YOUR ASSIGNMENT: Repeat each entry word for word; the images are not part of the copy.

Items listed in a dataset:
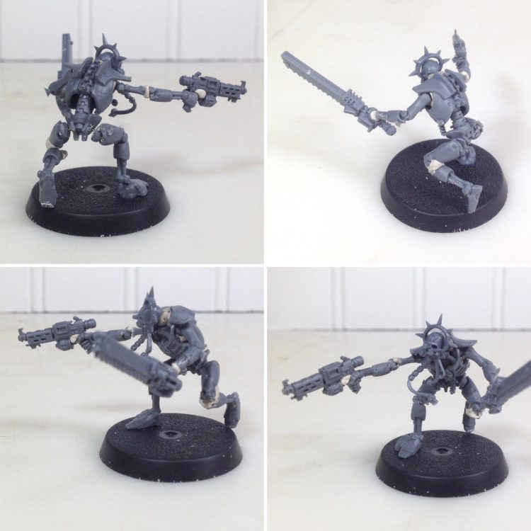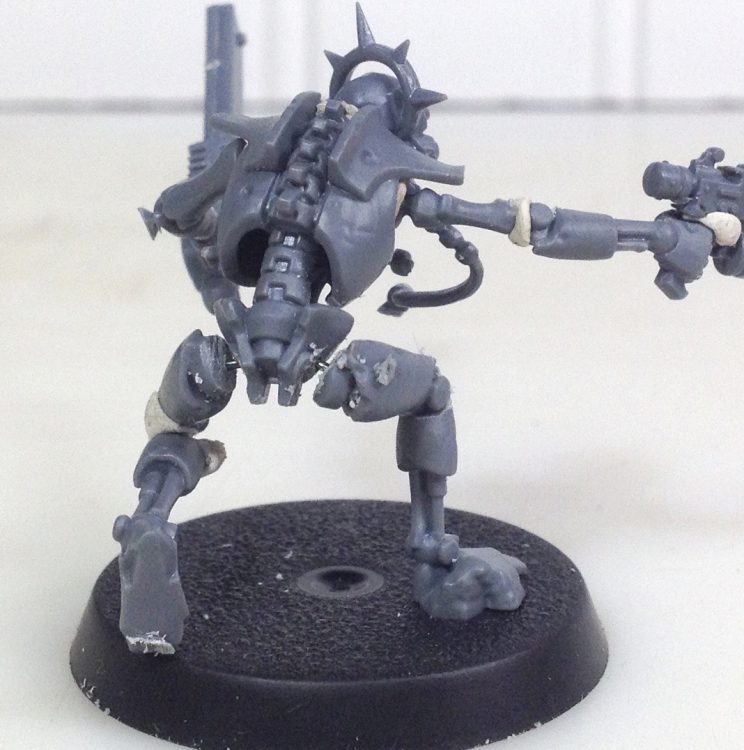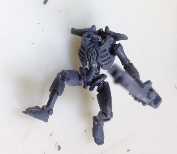 The initial bits picked out for building: Necron Warrior body, and some assorted weapon options along with the cyber-skull.The plan here is to re-articulate the Warrior and give him a more dynamic pose. My thought was to have him in a low crouch, like he had just landed after a jump. Given the anatomy of the Necrons it will be fairly straight forward to cut at the joints and do minimal damage.
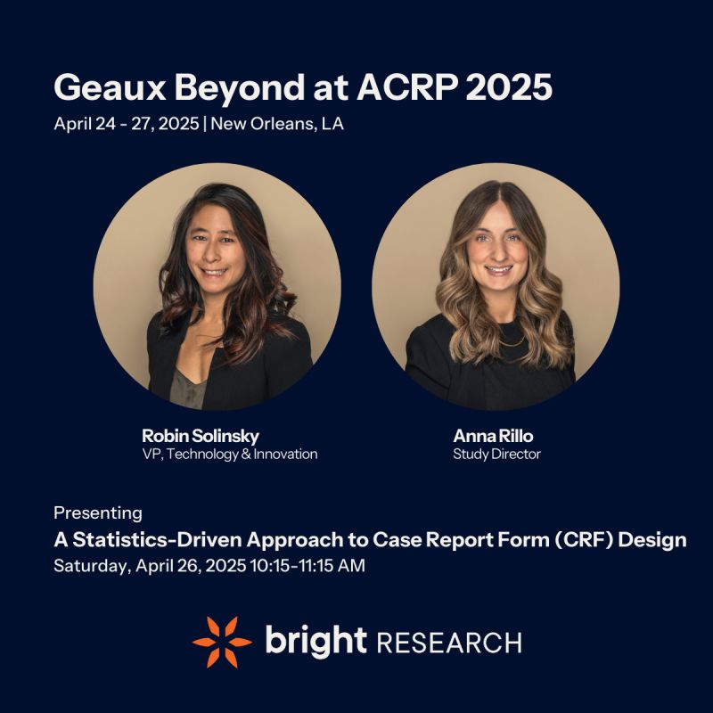 Don’t miss Robin Solinsky and Anna Rillo, BSN, RN as they present “A Statistics-Driven Approach to Case Report Form (CRF) Design” on Saturday, April 26 from 10:15-11:15 AM at Geaux Beyond ACRP – Association of Clinical Research Professionals 2025. They’ll share insights that can elevate your ACRP 2025 CRF design and streamline study design.
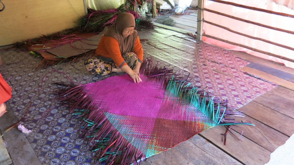 Menganyam tikar mengkuang merupakan salah satu kegiatan ekonomi penduduk tempatan.
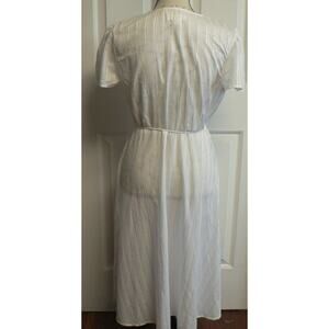 Simple and classic, this all-white midi dress styled in a true wrap silhouette is easy to accessorize for any look you'd like. Light enough for Beach Cover-up.
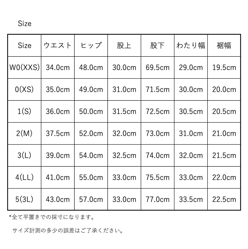 サイズは、W0(XXS)~5(3L)の7サイズ。

ANSWER TO THE EXERCISE:
 The initial bits picked out for building: Necron Warrior body, and some assorted weapon options along with the cyber-skull.The plan here is to re-articulate the Warrior and give him a more dynamic pose. My thought was to have him in a low crouch, like he had just landed after a jump. Given the anatomy of the Necrons it will be fairly straight forward to cut at the joints and do minimal damage.
 Don’t miss Robin Solinsky and Anna Rillo, BSN, RN as they present “A Statistics-Driven Approach to Case Report Form (CRF) Design” on Saturday, April 26 from 10:15-11:15 AM at Geaux Beyond ACRP – Association of Clinical Research Professionals 2025. They’ll share insights that can elevate your ACRP 2025 CRF design and streamline study design.
 Menganyam tikar mengkuang merupakan salah satu kegiatan ekonomi penduduk tempatan.
 Simple and classic, this all-white midi dress styled in a true wrap silhouette is easy to accessorize for any look you'd like. Light enough for Beach Cover-up.
 サイズは、W0(XXS)~5(3L)の7サイズ。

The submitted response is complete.